SXSWi: The Review
I was struck, immediately upon entering the Austin Conference Center for SXSWi, that I was way behind the curve when it comes to technology. See, I’ve always considered myself somewhat tech-savvy. Although I was continually knocking passers-by about with my bulky Swiss Army laptop backpack on sudden (apparently unnervingly aggressive) pedestrian turns when a perpendicularly flashy icon would attract my flighty attention-span, I still figured I was switched on enough to intellectually navigate the figurative intricacies of the tech mob.
I’ve replaced video cards and power supplies on my desktops. I’ve upgraded motherboards. I’ve figured out driver problems all on my lonesome with no training or previous experience. Operating system reinstallations are a breeze. The brief flash of pride I undergo when I accomplish such lofty digital heights spur me on to explore new dimensions of physical intimacy within the mysteries of technology.

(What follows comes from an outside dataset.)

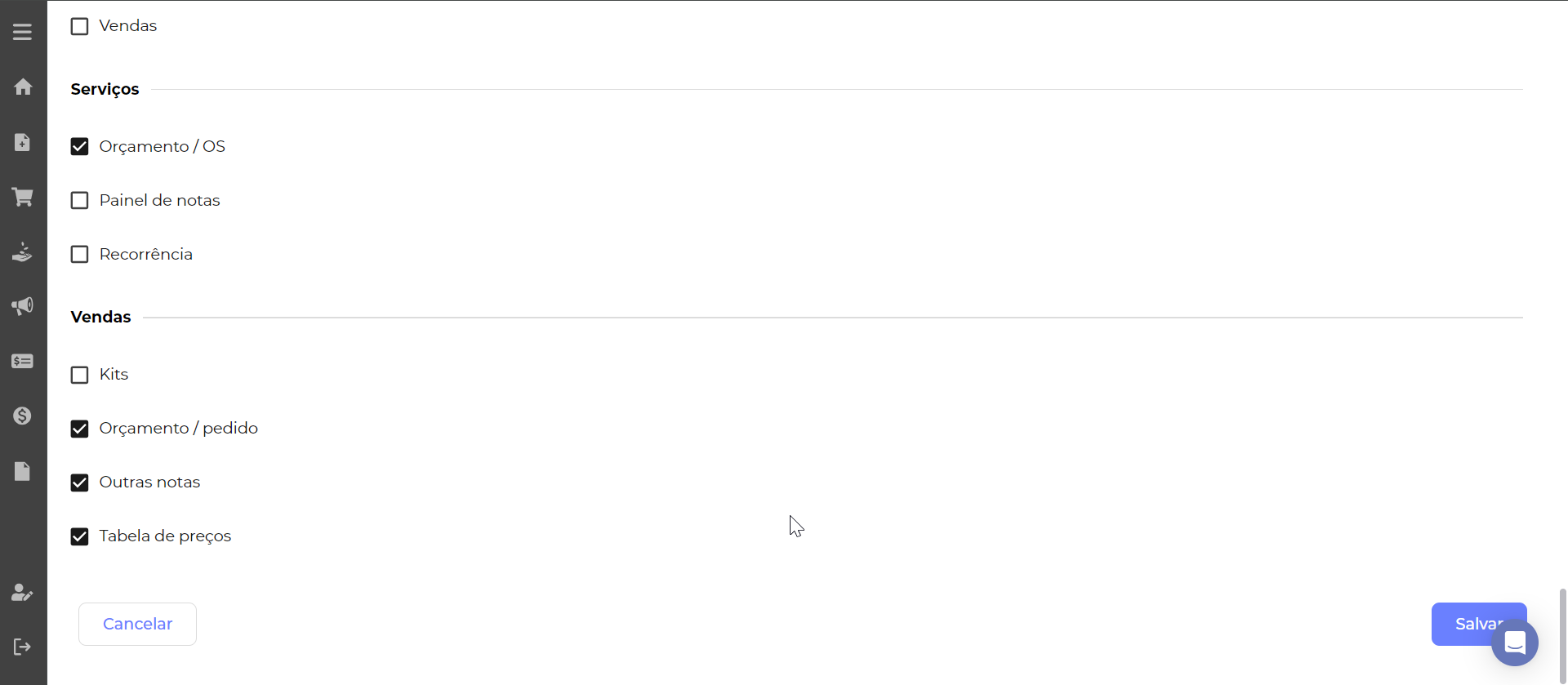 Aqui você vai ter acesso a uma lista de todas as funcionalidades do Nuvy ERP, separadas seções para cada módulo do sistema.
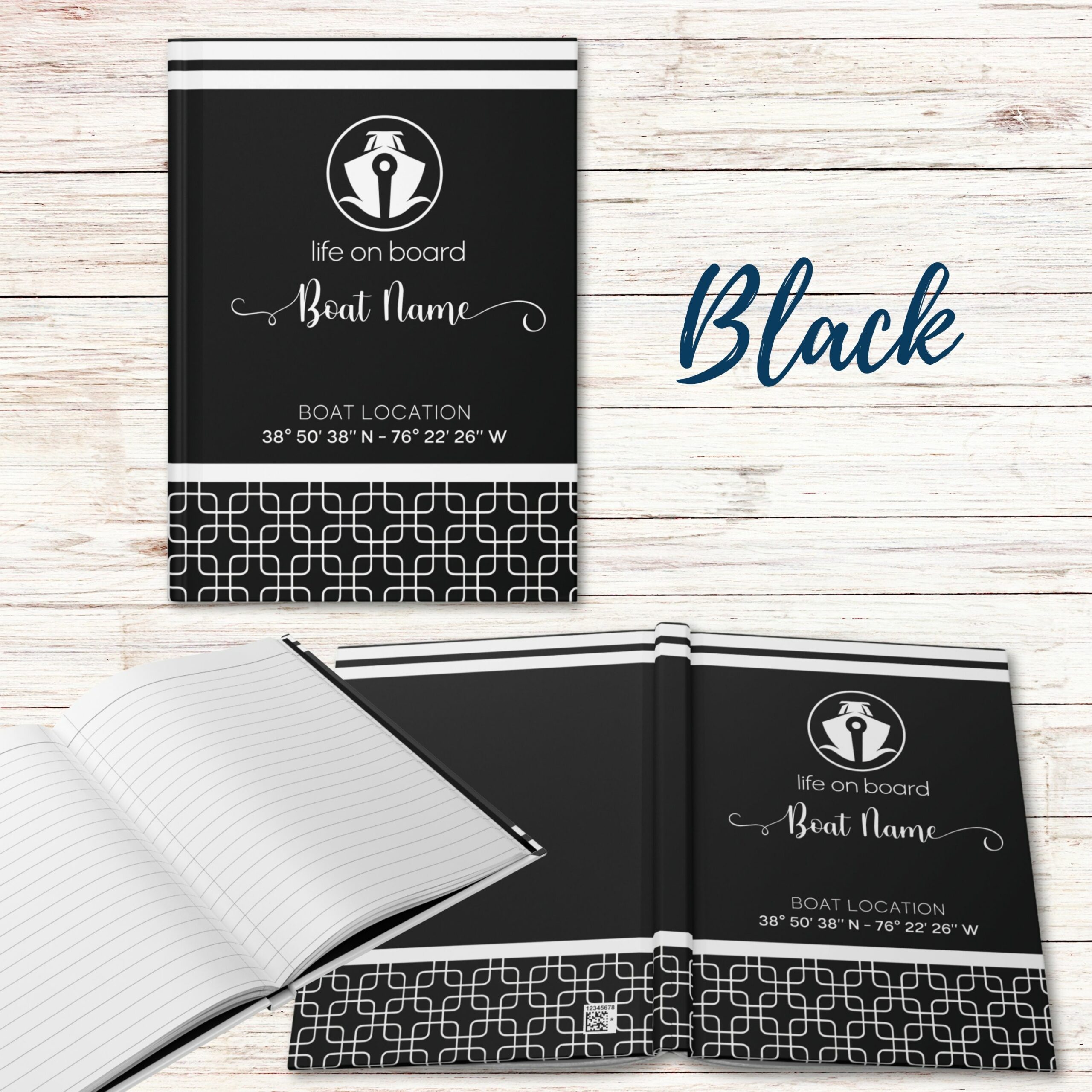 A boating journal notebook is a must-have boating accessory for every boat to journal adventures on the water! This Boat journal book is personalized with a boat name, location and the Latitude Longitude GPS coordinates of your favorite boating location (home port, lake, river, marina, bay or town – you choose!)

SXSWi taught me I actually knew nothing. It was simultaneously depressing and swarming with elation; the level of technology on display both shamed and inspired me.
In the audiences at panel discussions, when I pulled out my two-year-old laptop or clunky five-year-old PDA amidst the curiously unhumming ocean of macbooks and smartphones, I wanted to hide in a corner. I even regressed to using paper and pen in some presentations, to create the illusion my machinery was too expensive to flaunt in the company of techies that might moonlight as muggers. To preserve my sanity I adopted the vanity, in the company of folks tapping away on the latest wafer-thin laptops, of “Sure, but can you actually WRITE?”
An unfounded conceit, much to my chagrin.
With the top-heavy number of presentations, invariably there’s going to be outliers.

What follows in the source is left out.